WWF gathers countries across Europe to support river and wetland restoration

This year on World Environmental Day, WWF Central and Eastern Europe joins other European countries to highlight the crucial role of healthy rivers and wetlands to halt the collapse in freshwater biodiversity and increase natural protection against extreme weather episodes, in particular droughts and floods.

Several European governments, WWF and the largest transnational water management body in the continent, have come together on World Environment Day to celebrate rivers and wetlands. The video underlines the vital importance of restoring these ecosystems for climate change adaptation, the reversal of biodiversity loss and strengthening bonds between people and nature. Finland, Italy, Latvia, or the International Commission for the Protection of the Danube River –  which encompasses 14 countries – Austria, Bulgaria, Croatia, the Czech Republic, Germany, Hungary, Moldova, Romania, Slovakia, Slovenia, Serbia, Montenegro, Herzegovina and Ukraine – talk about their commitment to freshwater restoration on this video.

Restoration in Europe is crucial to counteract the impact of more frequent and intense extreme weather episodes and alarming biodiversity loss. Our geography is saturated with channelled and dredged rivers, deforestation, polluted streams, drained wetlands and aquifers, invasive species, eroded zones and over 1 million barriers blocking our rivers. The dramatic degradation of Europe’s ecosystems, in particular freshwater ones, is appalling. 

Last year 2021, severe floodings in Germany, Belgium and the Netherlands caused devastating damage. More than 220 people were killed and there was an estimated €33 billion in losses, the costliest natural disaster in Germany and Europe to date. Climate change fueled natural disasters are a rising tendency, and it’s up to society to get ready for them by restoring nature so it can successfully face these challenges. Some restoration measures include reconnecting rivers to their floodplains, eliminating dykes, removing unnecessary dams, recovering drained wetlands, inundating peatlands, restoring riverine vegetation or, building permeable pavements, among others.

The facts are still there, 60% of EU rivers, lakes and wetlands are not healthy, and Europe has the most fragmented river landscape on the planet.
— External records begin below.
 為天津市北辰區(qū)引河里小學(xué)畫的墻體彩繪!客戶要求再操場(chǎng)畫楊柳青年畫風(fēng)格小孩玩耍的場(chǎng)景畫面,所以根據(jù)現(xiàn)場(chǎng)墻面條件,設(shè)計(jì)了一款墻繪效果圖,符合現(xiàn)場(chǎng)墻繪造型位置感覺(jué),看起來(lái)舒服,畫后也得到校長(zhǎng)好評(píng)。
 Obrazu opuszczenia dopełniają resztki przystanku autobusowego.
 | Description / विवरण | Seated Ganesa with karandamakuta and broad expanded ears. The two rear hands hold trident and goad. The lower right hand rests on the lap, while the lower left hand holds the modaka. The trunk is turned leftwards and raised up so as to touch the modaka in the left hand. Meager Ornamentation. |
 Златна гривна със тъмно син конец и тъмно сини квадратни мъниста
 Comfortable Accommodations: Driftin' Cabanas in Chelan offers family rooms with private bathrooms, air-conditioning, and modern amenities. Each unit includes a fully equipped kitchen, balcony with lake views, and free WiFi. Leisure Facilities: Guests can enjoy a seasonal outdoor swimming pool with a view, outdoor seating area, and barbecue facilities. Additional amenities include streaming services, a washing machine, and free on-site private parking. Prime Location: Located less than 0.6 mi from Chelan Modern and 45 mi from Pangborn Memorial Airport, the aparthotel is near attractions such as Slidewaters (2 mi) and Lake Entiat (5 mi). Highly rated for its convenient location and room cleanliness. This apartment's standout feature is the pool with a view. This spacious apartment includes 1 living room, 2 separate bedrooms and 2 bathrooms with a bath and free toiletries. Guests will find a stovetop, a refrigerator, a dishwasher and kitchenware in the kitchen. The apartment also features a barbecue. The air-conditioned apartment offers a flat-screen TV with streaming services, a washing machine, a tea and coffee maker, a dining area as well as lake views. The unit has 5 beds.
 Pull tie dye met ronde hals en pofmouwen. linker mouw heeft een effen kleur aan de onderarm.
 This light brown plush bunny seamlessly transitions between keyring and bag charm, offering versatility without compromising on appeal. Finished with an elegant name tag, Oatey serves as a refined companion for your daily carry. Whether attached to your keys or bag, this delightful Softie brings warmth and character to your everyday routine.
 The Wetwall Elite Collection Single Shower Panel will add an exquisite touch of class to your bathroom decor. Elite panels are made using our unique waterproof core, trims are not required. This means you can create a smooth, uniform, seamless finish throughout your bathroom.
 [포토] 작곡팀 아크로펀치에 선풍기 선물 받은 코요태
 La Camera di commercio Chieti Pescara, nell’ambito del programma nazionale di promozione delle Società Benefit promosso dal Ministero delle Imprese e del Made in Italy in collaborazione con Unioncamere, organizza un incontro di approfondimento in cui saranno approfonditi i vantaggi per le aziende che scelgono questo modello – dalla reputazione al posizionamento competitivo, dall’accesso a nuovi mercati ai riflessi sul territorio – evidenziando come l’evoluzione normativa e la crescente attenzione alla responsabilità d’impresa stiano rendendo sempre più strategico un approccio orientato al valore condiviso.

One in three freshwater fish species in Europe are currently threatened with extinction and migratory freshwater fish populations have seen a 93% collapse since 1970. There are only 3 remaining free flowing rivers of over 1.000km of length left in Europe 

The European Commission is expected to present a proposal for a new law that would set legally binding targets to restore nature across the EU on 22 June. WWF is calling on the EU to include in the upcoming Nature Restoration Law legally binding, ambitious restoration targets, in particular for rivers, floodplains, wetlands and all types of ecosystems that contribute to retain and store water. In addition, WWF is calling on the European Commission to propose targets of at least 15% of EU land and sea (650,000 km2) to be restored by 2030.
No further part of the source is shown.